Collared shirt: $15, H&M
Sweater: $25, J.Crew
Jeans: $25, T.J.Maxx
Boots: $25, T.J. Maxx
Clothes spending per semester: $80–120
Julia's inspiration and affordable style tips
Italian fashion “I’m inspired by the amount of layering I saw when I studied abroad in Italy in 2010. I think that layering clothes creates a very put-together appearance. It’s easy for me to become tired of wearing the same things day after day, but when I layer clothes, I can create new looks with the same items.”
Simplicity “I like to look at what people are wearing in England and even Japan. I think that both cultures have facets of style that can be more simplistic, which is what I strive for. It’s good to look nice for class, but unless I’m going out to a party or club, there’s no need to be flashy.”
Versatility “I like knowing my outfit is ready for anything. This is important because the lecture halls where I have class are either really hot or really cold. There is no middle ground.”
A mental advantage “I dress up for my really difficult classes or for tests. If I dress up, I feel like I’m bringing my A-game.”
Affordable style strategies
“At my school in Maine, clothes need to be functional, but I think you can strike a balance. Many of my classmates go directly from class to work, and I think there are ways they can dress up. For example, you can wear a tunic sweater with leggings to class and switch to dress pants for work.”
- Use your student ID for a discount: You can get an extra 15 percent off at certain stores, even on the items that are already discounted. It’s easy to turn a good sale into an even better one just for being a student.
- Purchase high-quality items: Although it might seem contrary to a student budget, investing in higher quality clothes will save you cash in the end.
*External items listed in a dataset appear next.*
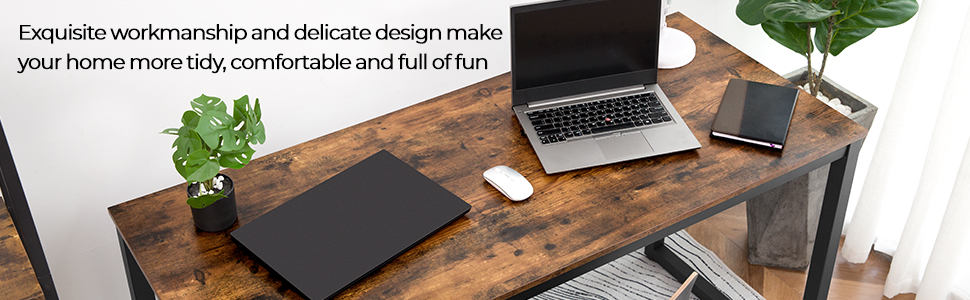 - work from home or in office: heavy duty black frames seamless matches with the appealing wooden board in rustic brown. the simple computer desk will be a right choice that perfectly goes with interior industrial-styled decor and brightens up all day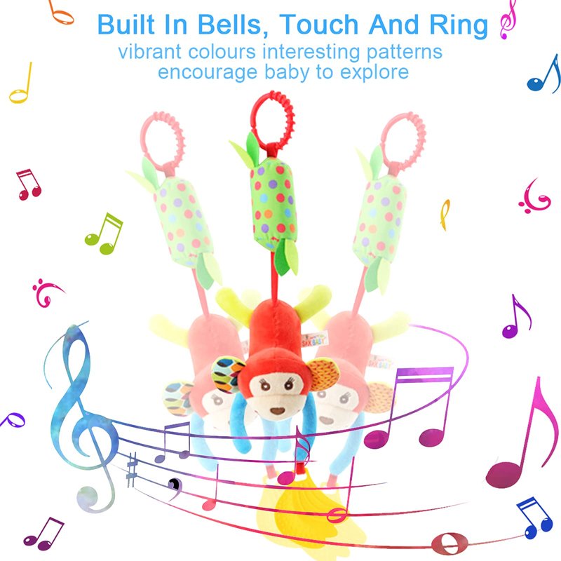 Sealive 4 Piece Baby Stroller Toy Sensory Musical Toys, Soft Rattles Hanging Plush Activity Crib Car Seat Toys for Babies Boy Girl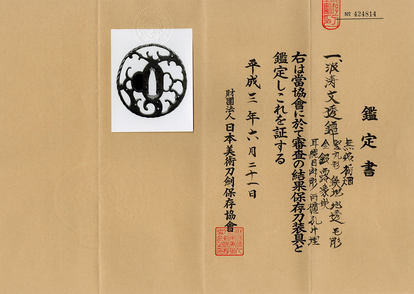桐箱 保存刀装具鑑定書 葵美術評価鑑定書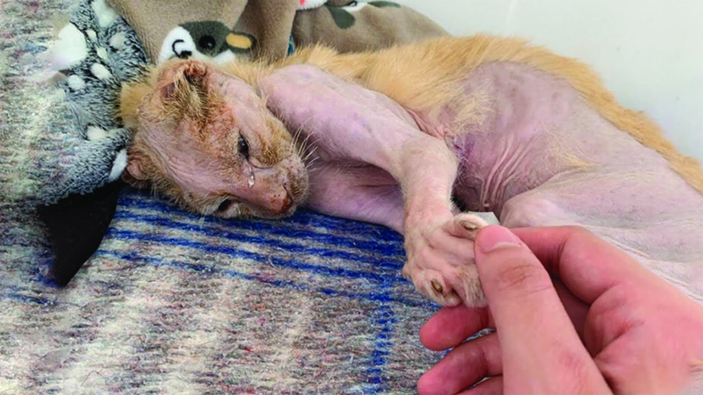 Slowly, his eyes opened—confused at first, then searching for something familiar. When he saw me, a soft whine escaped his throat. With all the strength he had, he lifted his little head and reached out his paw to my hand.

Your clothes are less likely to fall apart after a few washes.
- Look to eBay for hot-ticket items: For example, purses or high-quality shoes often cost more in stores. If an item is new, but missing a tag, it’s discounted even more than it would be on the sales rack.
- Head to the sales rack: “I have no shame strolling right past the regular priced stuff and straight to the sale section.”
- Don’t limit yourself or feel pressured to wear a certain brand: You will save money by dressing for you, not everyone else.
- Buy basics at a lower price: For example, pay less for tank tops and socks. Nobody wants to pay a ton for socks that will probably just be eaten by the washing machine a month later.